The Unofficial Rules for Creating a Kick-Ass Network
National Portrait Gallery, Smithsonian (The Old Patent Office)
My friend Beth has one of the best natural networks I have ever encountered. Within the corner of the field given over to the study of web users, she connects with some really impressive names in the digerati culture, gurus, book authors, bloggers, heads of associations, professors.
But she doesn't use the most popular professional networking site--and according to the comments on my earlier post, apparently just ignores the invites.
Moreover, she doesn't fit the popular mental model of someone who's *trying* hard to broker connections in order to get ahead. She's always a direct speaker, rather dangerously frank.

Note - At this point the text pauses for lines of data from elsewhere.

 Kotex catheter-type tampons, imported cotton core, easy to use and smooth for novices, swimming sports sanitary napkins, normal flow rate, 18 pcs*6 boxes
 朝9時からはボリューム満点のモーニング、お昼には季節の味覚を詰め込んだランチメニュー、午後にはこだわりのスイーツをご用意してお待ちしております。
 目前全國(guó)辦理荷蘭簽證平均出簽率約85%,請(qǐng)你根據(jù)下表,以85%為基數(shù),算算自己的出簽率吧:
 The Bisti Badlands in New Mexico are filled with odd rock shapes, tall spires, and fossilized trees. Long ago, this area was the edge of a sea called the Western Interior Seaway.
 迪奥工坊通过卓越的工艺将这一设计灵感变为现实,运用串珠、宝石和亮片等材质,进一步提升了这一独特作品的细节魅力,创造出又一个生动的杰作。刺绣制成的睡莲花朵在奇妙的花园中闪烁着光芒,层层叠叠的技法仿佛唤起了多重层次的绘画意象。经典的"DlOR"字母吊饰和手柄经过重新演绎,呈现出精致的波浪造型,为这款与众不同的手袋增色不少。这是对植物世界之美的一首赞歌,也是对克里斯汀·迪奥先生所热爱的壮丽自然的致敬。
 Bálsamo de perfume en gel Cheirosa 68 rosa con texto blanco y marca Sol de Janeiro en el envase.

The opposite of every baby web consultant who's ever gelled up his hair, stuck on a pair of chic geek eyeglass frames, and spun together buzzwords about distributing crowd-sourced mashups to integrate impactful deliverables.

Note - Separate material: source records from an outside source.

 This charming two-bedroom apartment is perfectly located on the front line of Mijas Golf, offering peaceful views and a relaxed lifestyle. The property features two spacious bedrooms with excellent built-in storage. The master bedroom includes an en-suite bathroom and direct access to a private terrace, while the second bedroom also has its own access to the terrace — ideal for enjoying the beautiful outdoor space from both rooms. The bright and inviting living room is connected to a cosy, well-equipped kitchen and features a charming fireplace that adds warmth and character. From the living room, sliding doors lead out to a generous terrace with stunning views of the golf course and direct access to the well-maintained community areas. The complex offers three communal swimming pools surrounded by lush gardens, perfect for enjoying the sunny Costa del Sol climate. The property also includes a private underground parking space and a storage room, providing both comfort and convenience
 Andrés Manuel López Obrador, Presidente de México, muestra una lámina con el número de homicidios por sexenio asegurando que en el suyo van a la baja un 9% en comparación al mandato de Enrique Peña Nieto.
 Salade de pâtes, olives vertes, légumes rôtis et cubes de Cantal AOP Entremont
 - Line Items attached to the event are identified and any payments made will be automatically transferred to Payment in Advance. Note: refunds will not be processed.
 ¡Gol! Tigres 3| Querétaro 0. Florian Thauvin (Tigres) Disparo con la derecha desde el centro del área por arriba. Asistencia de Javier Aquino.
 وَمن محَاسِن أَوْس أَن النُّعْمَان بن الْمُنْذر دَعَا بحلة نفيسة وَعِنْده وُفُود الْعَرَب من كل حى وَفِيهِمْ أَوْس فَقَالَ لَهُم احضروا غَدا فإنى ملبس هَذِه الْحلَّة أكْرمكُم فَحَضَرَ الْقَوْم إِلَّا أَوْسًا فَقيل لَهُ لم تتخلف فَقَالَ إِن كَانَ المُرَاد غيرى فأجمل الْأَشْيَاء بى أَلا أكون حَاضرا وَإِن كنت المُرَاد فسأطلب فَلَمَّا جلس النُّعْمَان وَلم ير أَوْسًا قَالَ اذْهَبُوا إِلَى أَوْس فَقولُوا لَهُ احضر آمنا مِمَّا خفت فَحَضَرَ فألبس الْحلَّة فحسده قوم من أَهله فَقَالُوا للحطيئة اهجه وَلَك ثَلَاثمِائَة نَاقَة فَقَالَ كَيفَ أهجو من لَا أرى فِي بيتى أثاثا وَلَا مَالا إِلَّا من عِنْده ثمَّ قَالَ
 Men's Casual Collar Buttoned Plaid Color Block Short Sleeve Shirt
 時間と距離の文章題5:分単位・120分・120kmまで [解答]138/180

But she has done the following powerful things.
- founded a professional working group in her field.
- assembled panels and seminars both in her day job and spare time.

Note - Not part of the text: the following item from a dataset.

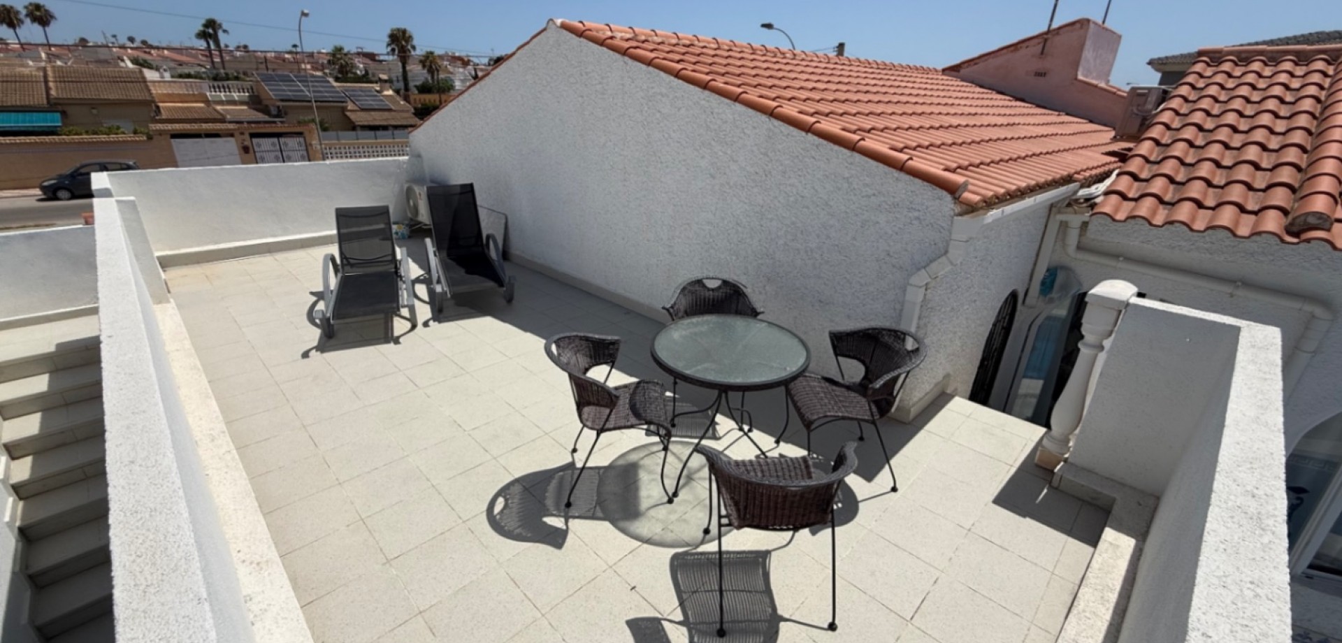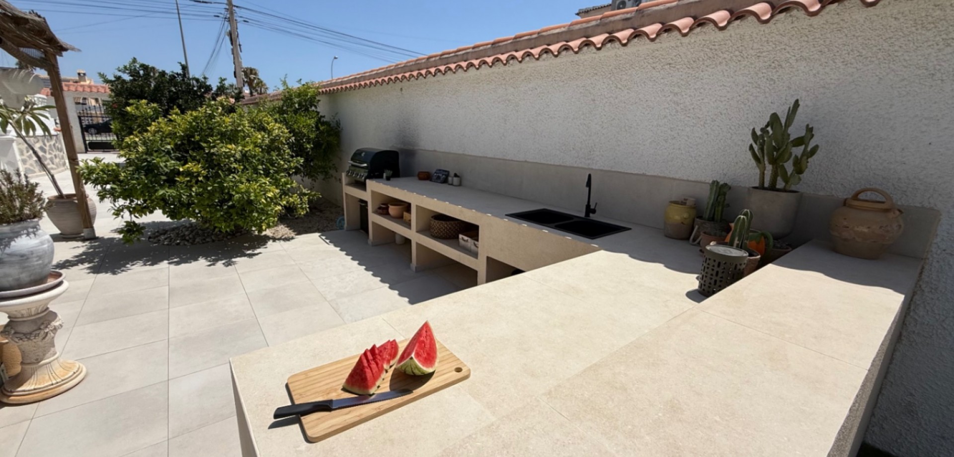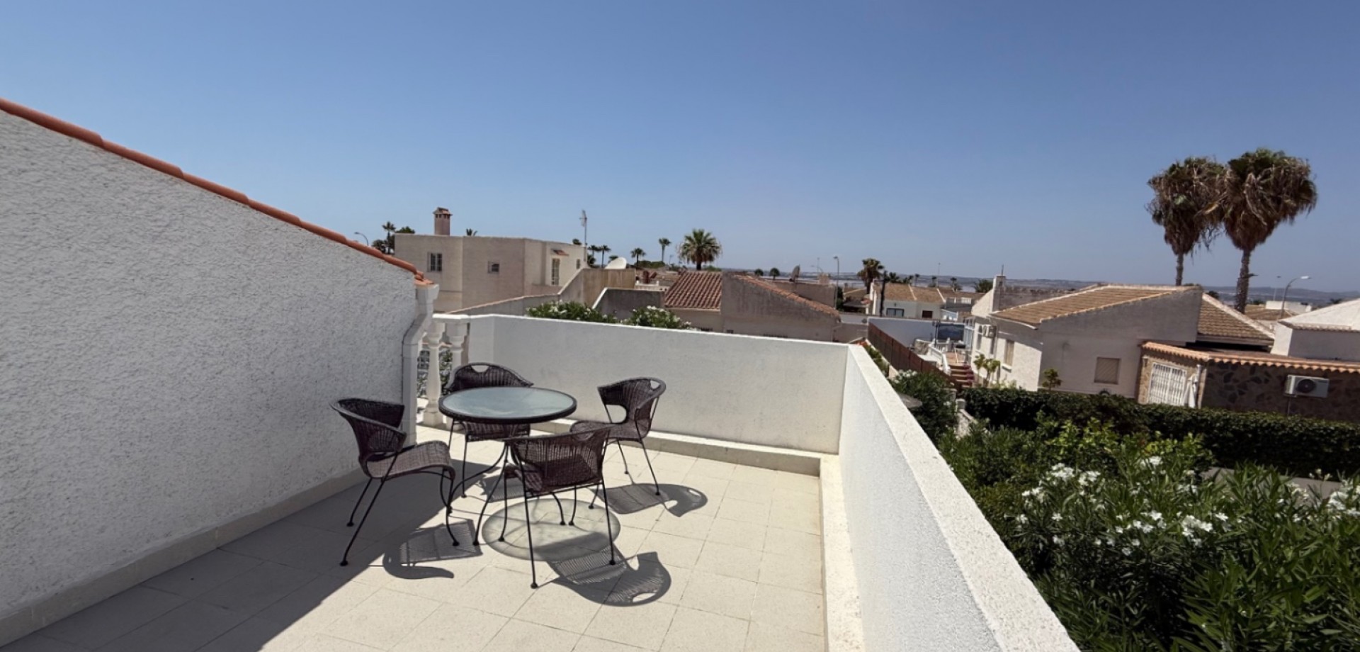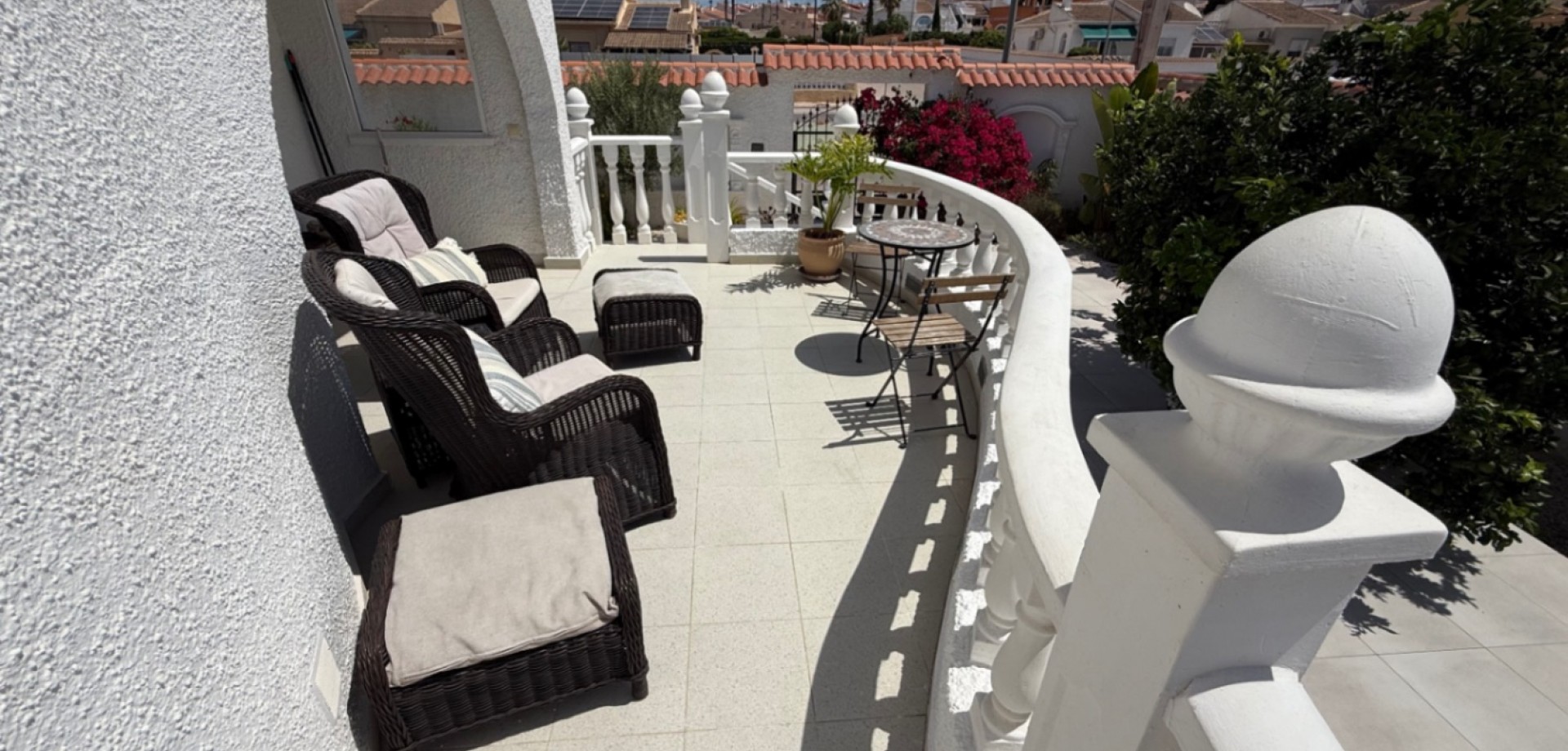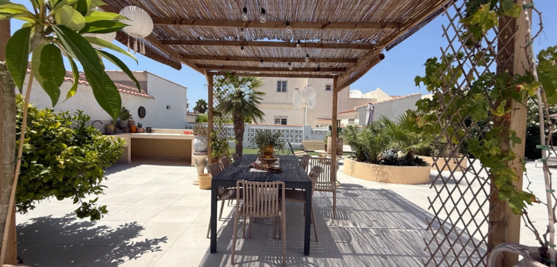 Presentamos esta villa independiente de tres habitaciones y dos baños, elegantemente presentada, idealmente ubicada en el codiciado vecindario de El Chaparral / San Luis - Costa Blanca Sur. Situada en una generosa parcela de aproximadamente 800 m², esta propiedad ofrece una rara combinación de privacidad, espacio y estilo refinado. Rodeada de muros de privacidad y con acceso a través de una entrada segura, la villa ofrece una atmósfera tranquila y acogedora desde el momento de su llegada. El hogar ha sido cuidadosamente actualizado a un estándar alto, combinando un diseño nórdico limpio con la calidez de los elementos tradicionales españoles. El resultado es un interior armonioso y acogedor que se siente tanto contemporáneo como atemporal. La espaciosa veranda acristalada da a la impresionante área de la piscina con piscina de agua salada y jardines cuidadosamente mantenidos y de bajo mantenimiento, creando una experiencia de vida interior-exterior sin interrupciones que se puede disfrutar durante todo el año. Los jardines de la propiedad tienen una codiciada orientación suroeste, bañados por la luz natural durante todo el día, perfectos para quienes buscan sol y entretenimiento al aire libre. Varias zonas de descanso, piscina de agua salada, áreas de comedor, solárium con vistas al lago salado y cocina exterior completan realmente este oasis al aire libre. Los jardines están llenos de árboles frutales, incluyendo: naranja, naranja sanguina, mandarina, limón, mango y olivo. Las características adicionales incluyen aparcamiento fuera de la carretera, una zona de almacenamiento dedicada, un baño completo exterior para la comodidad junto a la piscina y exteriors bellamente alicatados diseñados para un fácil mantenimiento. Cada rincón de esta casa ha sido cuidadosamente considerado para maximizar el confort, el estilo y la funcionalidad. Idealmente situada a pocos momentos de las comodidades locales, con fácil acceso a Torrevieja, el centro comercial Habaneras y las playas de la Costa Blanca, esta villa ofrece tanto conveniencia como un entorno de vida sereno. Ya sea que esté buscando una residencia permanente, un refugio de vacaciones o una inversión inteligente, esta es una propiedad que no querrá perderse.

- championed technical trends early on, uphill, when others were saying "that's great, that's the future, but we have so much to do in the present, later, later."
- set up stealth or pilot versions of features that hadn't caught on yet and didn't feature in the official, leadership-approved plans, thus seeding her colleagues with better comprehension and preparing us for the day when clients came back and started asking for the latest thing.
- did the unfun budget work to get the $ for new projects (a big dark secret of web teams is that 99% of people on them don't like to struggle with the money).
So, musing on all this today, with appropriate apologies for stealing from Beth's life, I forthwith made up
The Unofficial Rules for Creating a Kick-Ass Network of Technology Professionals:
- If you want a great network, then help others grow theirs, not by "networking" as such, but by doing something to help other people share their ideas and passions.
- Provide the coffee.
- Ideas are seeds, not poker chips; scatter, don't hoard. Don't view other's knowledge and skills as a threat: instead, think how much better things could be if people around you better were better informed.
- Be curious.
- Adopt from the pound: take on some worthy but unpopular tasks. It will improve your skills, give you leverage, and (some) people will be grateful.
- BUT not TOO much scutwork. Find fun, smart people invent ways to get to work with them.
- Don't wait for the leaders to get out front. Go there yourself, report back, and bring others up to take a peek over the hill.
- If "they" don't get your big idea, don't spend forever trying to get it pre-approved. DIY. Then show it around.
- Don't agonize too much over today's org chart, or today's organization for that matter. See the web itself as a medium, and its participants, creators, users, customers, experts, nerds and cool kids, teams and tribes, as your playground. Go up to the other kids and get a game started.

Wow...I'm at a loss for words! But you have me pegged. I particularly like the "dangerously frank" characterization ... much better than what I often use: "bull-in-china-shop blunt" :).